Since the housing bust of 2008, three MI firms have stopped writing policies and entered run-off mode: PMI, Triad and RMIC.

There are just five MIs open and operating today.

MGIC’s huge loss was not surprising. In the second quarter it incurred a $551 million charge because of what it calls “late stage delinquencies.”

But there was some good news in the earnings report: the company wrote $5.9 billion of new policies compared to $3.1 billion in the same period a year ago.

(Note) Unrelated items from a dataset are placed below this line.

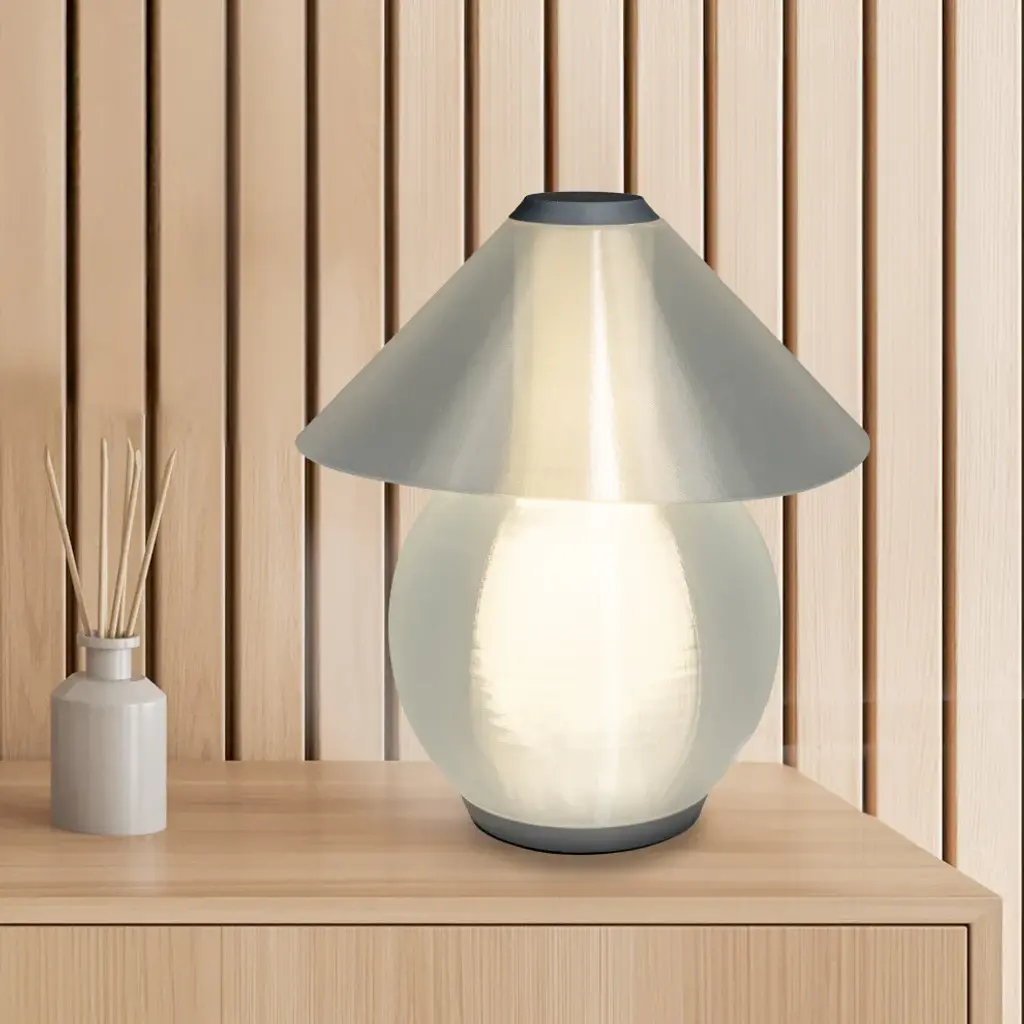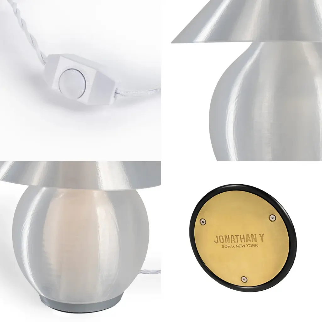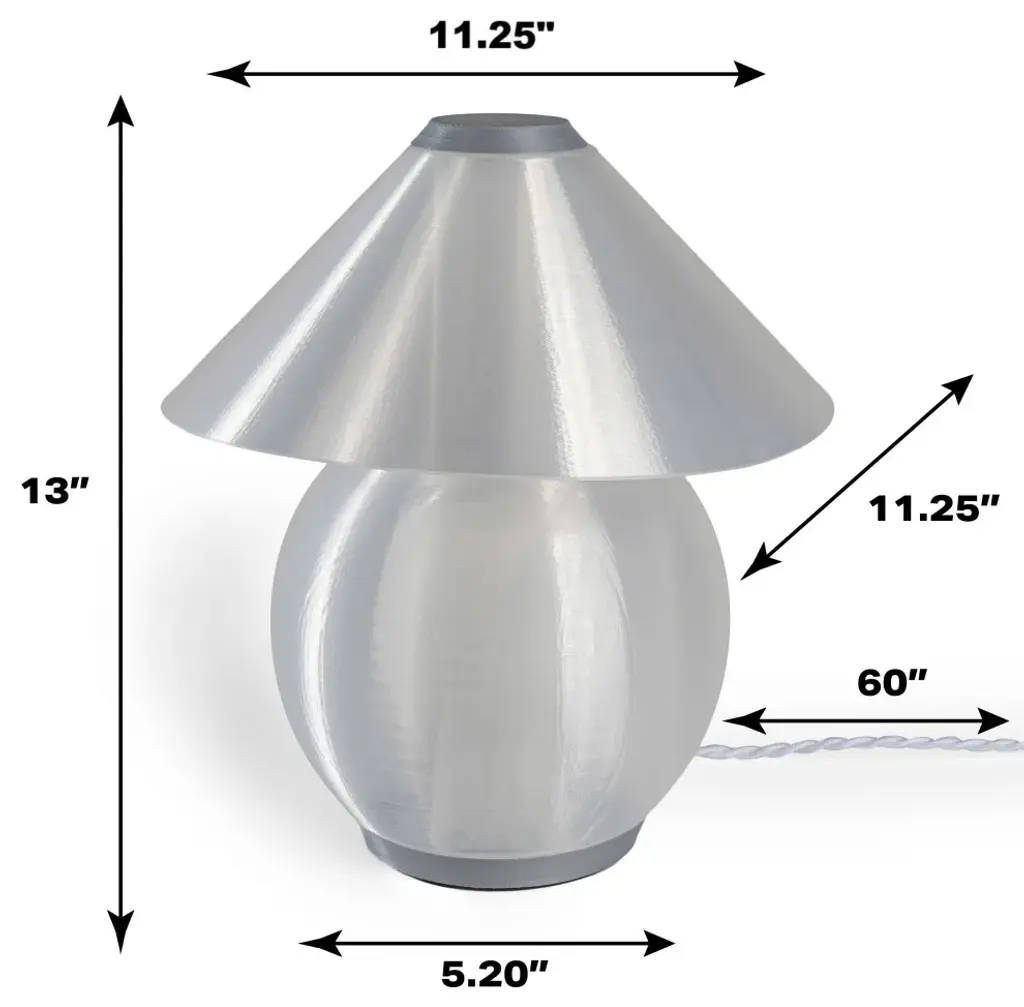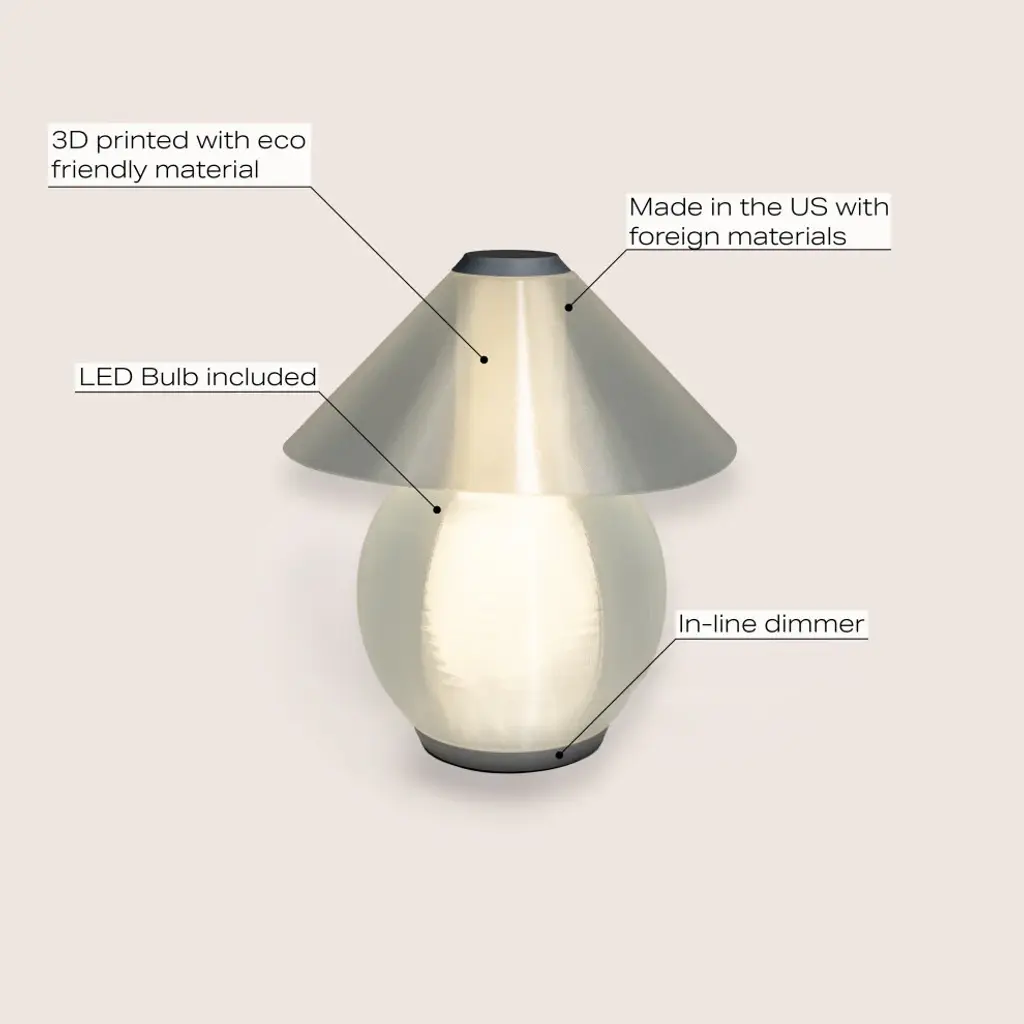 Mid-century Scandinavian style is the inspiration for our glowing accent lamp. The modern, 3D-printed design is made of eco-friendly material, and includes a built-in dimmer switch. You''ll love this versatile lamp for working, reading or as a night light in the living room, office, or bedroom.-The light smoke gray plastic diffuser base is topped with a matching cone shade-Quality touches include a braided silk-wrapped cord with an in-line switch and dimmable LED bulb-With its adjustable brightness settings, this Scandinavian accent lamp fits into any modern space-Eco-friendly 6W LED bulb included-Incandescent bulbs are not safe for 3D printed lamps-Color Temperature: 2700K-CRI: >80-Color: Light Smoke/Gray-Body Material: PLA Filament-Base Material: PLA Filament----Includes: One (1) lamp-Assembly Required-Lamp: 13 inches high x 11.25 inches wide x 11.25 inches deep-Shade: 12.38 inches high x 5.2 inches wide x 5.2 inches deepYou see a lamp.We see a decorative work of art.A perfectly curved shade casts a dramatic shadow on a floor. A silk cord you never want to hide. Compatible with LED lightbulbs: as easy on the environment as they are on the eyes. The JONATHAN Y Lighting collection considers every detail from impeccably sourced materials to designer styling. And our prices are so attractive, weeve transformed a functional necessity into a fashion accessory.JONATHAN Y Lighting - a fashion revolution in home decor.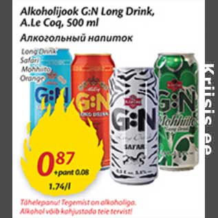 Период кампании: 04.06.2013 - 10.06.2013 Цена: 0.87€ Алкогольный напитокAlkoholijook G:N Long Drink, A.Le Coq, 500 ml Kriisis.ee не несёт ответственности за содержание комментариев. Мнение автора комментария может отличаться от мнения kriisis.ee. По возможности, отслеживая комментарии, kriisis.ee оставляет за собой право удалять их без объяснения причин. Если вы заметили неуместный комментарий, пожалуйста сообщите нам о нём.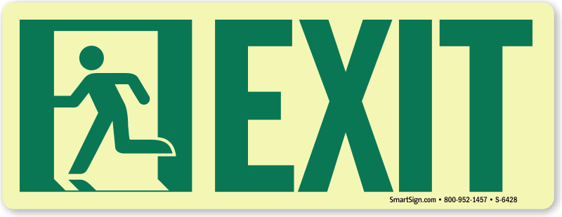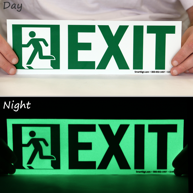 - This glow-in-the-dark Exit sign can point to safety in blackout conditions.

Home Affordable Refinance Program loans added another $2.7 billion. (MGIC, like other private mortgage insurers, considers these policies to be modifications of coverage, not NIW.)

Also, the percentage of delinquent loans in its book of business fell to 12.51% compared to 13.4% at June 30, 2011.

The firm’s risk-to-capital ratio at its primary underwriting unit Mortgage Guaranty Insurance Corp. is now at 27.8-to-1, and its minimum policyholder position is $211 million less than what its primary regulator in Wisconsin wants: $1.3 billion.

In its footnotes, MGIC said it believes it has enough capital on hand to meet its claims payment obligations.

Starting in the third quarter, the company will use MGIC Indemnity Corp. to write new policies in California, Florida, New Jersey, North Carolina, Ohio, Oregon and Texas in addition to New York, Idaho and Puerto Rico.